HTTPS works on localhost but not from another host

install.sh generates the keystore with SAN=DNS:$(hostname -f),DNS:localhost,IP:$(hostname -I),IP:127.0.0.1. If the host's FQDN or IP changed after install, regenerate:

mstop-domain
rm /data/iserver/server/keystore.jks
/data/iserver/install.sh         # idempotent; only the keystore step will run
mstart-domain

Postgres won't start: "database files are incompatible with server"

The PG version installed on the host doesn't match the data dir's catalog version. The bundled initdb.sql requires PG 16; if the host has PG 15 or PG 17 installed, point PGBIN in ~/.env_integrator.paths at the right /usr/{pgsql-16,lib/postgresql/16}/bin/ directory.

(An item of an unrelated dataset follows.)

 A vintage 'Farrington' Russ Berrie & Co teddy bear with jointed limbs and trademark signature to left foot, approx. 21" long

"Address already in use" on 8181 or 5432

Another service is binding the port. ss -lntp | grep :8181 to identify; usually a leftover meta-service or a system Postgres. mstop-all then start; if the system Postgres is interfering, sudo systemctl disable --now postgresql (the bundled PG runs from /data/iserver/server/pgsql/).

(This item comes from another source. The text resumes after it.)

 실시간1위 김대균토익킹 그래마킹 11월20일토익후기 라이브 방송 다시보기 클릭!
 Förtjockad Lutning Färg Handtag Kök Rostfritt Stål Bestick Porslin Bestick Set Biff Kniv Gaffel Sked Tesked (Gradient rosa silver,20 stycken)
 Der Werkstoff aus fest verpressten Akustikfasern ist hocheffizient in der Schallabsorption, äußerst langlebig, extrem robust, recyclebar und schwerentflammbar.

WPF Administration → Server Log Refresh shows nothing

Two-link chain: WPF's ADMIN_SHOW_WEBSERVER_LOG SOAP op invokes show-webserver-log on the service host; the script tail -500 $MAESTRO_CONSOLE_LOG_DIR/meta-service.log. If the textbox is empty: 1. Reader present? which show-webserver-log from inside the service process's environment. Lives in MAESTRO_UTILS_DIR (= …/server/utils/), which env_integrator appends to PATH. If missing, the service was launched without sourcing env_integrator. 2. Writer and reader agree? Verify $MAESTRO_CONSOLE_LOG_DIR/meta-service.log is the file Spring Boot is actually writing to. On bare-metal mstart-domain redirects to that exact path. On Docker start-meta-service.sh exports LOGGING_FILE_NAME=$MAESTRO_CONSOLE_LOG_DIR/meta-service.log (08e2f3093 — older images hard-coded /opt/iserver/data/log/meta-service.log, missing the console/ subdir, which made the reader exit 1 silently). 3. File exists and non-empty? docker exec eltmaestro ls -la /opt/iserver/data/log/console/meta-service.log (Docker) or ls -la $MAESTRO_CONSOLE_LOG_DIR/meta-service.log (bare-metal). If the file is missing, the launcher didn't set LOGGING_FILE_NAME or the directory wasn't created — see MaestroMeta.ADMIN_SHOW_WEBSERVER_LOG which now surfaces stderr to the WPF caller on empty stdout (08e2f3093), so future drift of the same shape shows the diagnostic in the textbox itself.

Upgrade left services down

update-server.sh runs mstop-all then mstart-all. If the start phase failed, services stay down. Look at: - tail -n 500 /data/iserver/data/log/console/*.log - cat /data/iserver/VERSION to confirm which release is actually in place - The update-server.sh console output — it logs each step

If the new release is unhealthy, see UPGRADE.md "Rollback" for the recovery path.